Campaign 101 - If you ever take any candidate or campaign training anywhere, any time, for either party one of the first things they will tell you is this:

Don't run on your resume. Nobody votes for a resume. Your resume can get you the job interview, which in this case is the opportunity to campaign. But you need to explain what you will do with the job if you want to be hired. Voters will vote for a candidate they believe will do something good and useful in office. They will not vote for somebody just because that person is qualified for the office.

Instead, if we heard it once we heard it 10,000 times from the Clinton campaign: "the most qualified candidate to ever run for President."

To that the electorate said, "So what?" And rightly so.

The last Democratic candidate to run on his resume was John "The Real Deal" Kerry. We all saw how that turned out.
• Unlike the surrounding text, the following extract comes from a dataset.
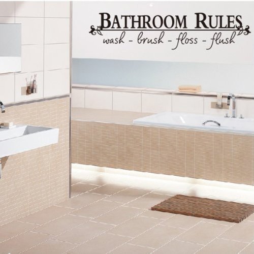 MZY LLC 5"*23" BATHROOM RULES Wash Brush Floss Flush Quote Saying Wall Sticker Home Decal Decor For Bathroom (BLACK, 1) Black, 23inches

Control the Narrative -- This is complicated and difficult because it's really the sum total of every single thing you do in a campaign. But controlling the narrative is the ultimate goal of a campaign. And the Clinton campaign made a series of decisions that led to both a poor campaign narrative and a failure to control the overall narrative.

Maybe the best way to explain it is this. Think of a political campaign as a battle between two storytellers. Each storyteller wants to tell his or her story in a way that is satisfying and convincing to the listeners.

In this case the listeners are the voters. The measure of which story is most "satisfying and convincing" is "showed up to the polls and voted for that storyteller." This storytelling exercise is enormously complicated because the two storytellers are telling opposing tales at the same time in an infinitely complex environment that involves everything about the campaign: the slogan; fundraising; free, earned, and paid media; debates; mailers; voter outreach; voter registration; get-out-the-vote (GOTV) management; and ten-thousand other details.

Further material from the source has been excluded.